I have trouble with this word, with how it is used.  “Keep body and soul together.”  You mean not dead?  “She had a big soul.”  They come in different sizes?  The definition contains two practical impossibilities—immateriality and immortality.  Dogs have souls?

It is one of those terms that has grown so large in this lazy language environment as to have no shape at all.  Soul food.  Lonely soul.  It is a grey word, both pretentious and cheap.

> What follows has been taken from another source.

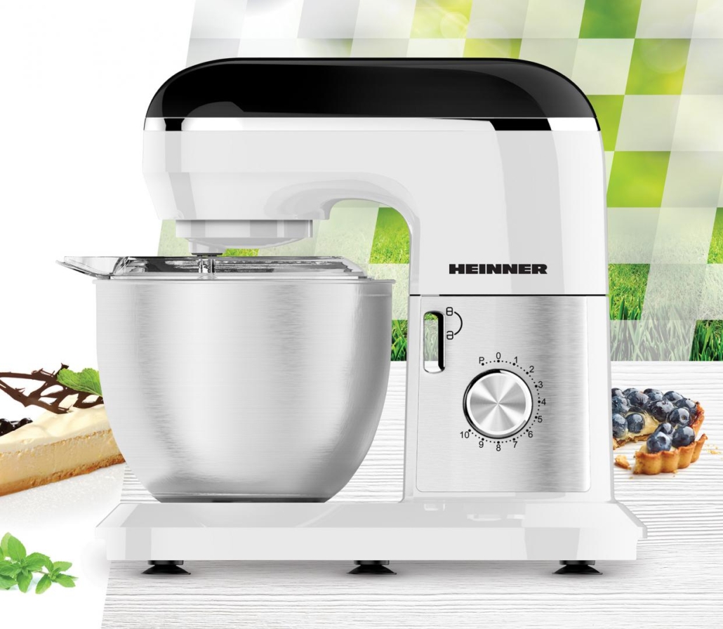MIXER PLANETAR HEINNER HPM-1300WHBK, 1000W, BOL INOX: 5L, 10 VITEZE + PULSE, ACCESORII: TEL, CARLIG FRAMANTARE, PALETA, CAPAC TRANSPARENT PROTECTIE, ALB

It has been put to some shitty uses.  A couple of priestly cults got into using it in their scam, claiming that—for a price—they could save your soul from a miserable afterlife they invented.  Good money, insuring something that doesn’t exist against illusory harm.  No returning customers complained.  Step right up for paradise.

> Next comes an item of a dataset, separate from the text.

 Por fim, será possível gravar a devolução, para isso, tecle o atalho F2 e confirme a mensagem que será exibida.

Why does the brain allow itself to be mysterious?  Allow this fantasy of body/soul separation?  What is gained by the dichotomy?  This tumor of an organ above the rest, wired for survival, does it fool itself into wondering if death can be skipped over?  All evidence to the contrary.  Thought is immaterial.  Could it be immortal, too?  But how could thought survive without a brain to think it?  On another plane, of course, as soul.  There is comfort in this fantasy, not bodily comfort, of another type.

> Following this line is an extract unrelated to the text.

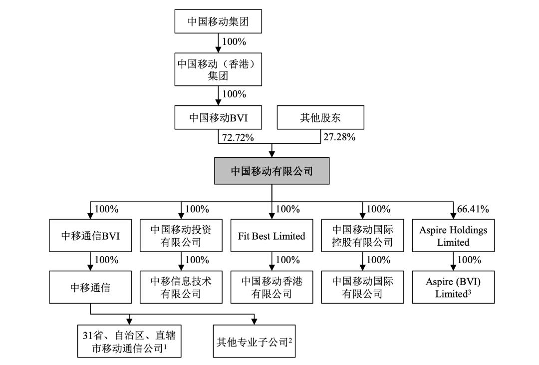 中国移动集团通过其全资子公司中国移动(香港)集团持有中国移动BVI 100%的股份,为实际控制人。中国移动集团成立于1999年7月22日,国务院国资委和全国社会保障基金理事会分别持有该公司90%和10%的股份。

So, soul is born.  As real as an imaginary friend.  If only it had remained so simple, so personal.  The next thing you know, everybody, every animate thing (& why stop there?) has a soul.  Is it an essence?  Some sort of quality?  Spirit?  What is that?  It can be whatever you project into it.  It could be a ghost.  It might end up tortured, feeling (physical?) pain forever.  Maybe it is Mom waiting for you in heaven.  There is even an All Souls Day (confused as Halloween) when everyone gets to play. 

Soul is a vaguery for good reason, because soul does not exist.  There is no such thing.  A spiritual placebo, an empty catchall of lazy language.  Whenever it is used, a better, more focused and appropriate term is available.  Many languages have no word for it at all, no concept of it.  We are not isolate corpus and spiritus.  We are just one.  We die as one.  Get over soul.  Integrate yourself.

The Weather at 6

 

Weather measured by how many million people affected?

 How strange, how unscientific, how species-centric,

 like giving big storms peoples’ names—You rate!

 Why not pets’ names—Rover or Spot, Bossie or Butch?

 We do not have a storm god, but we name all his children.

*

The weather girl in front of her map wore a short skirt

and a top that predicted a warm front passing through.

She was speaking in Spanish, so he put her on mute.

All this naming of stuff is pretty presumptuous, isn’t it?

Naming rights ownership. She was unnatural on camera.

*

There was a cat somewhere in the apartment, he knew it.

He hated cats.  They did not care about the weather or

anything else.  She had said it was clear.  It was raining.

She didn’t know how to hold her shoulders and be shy.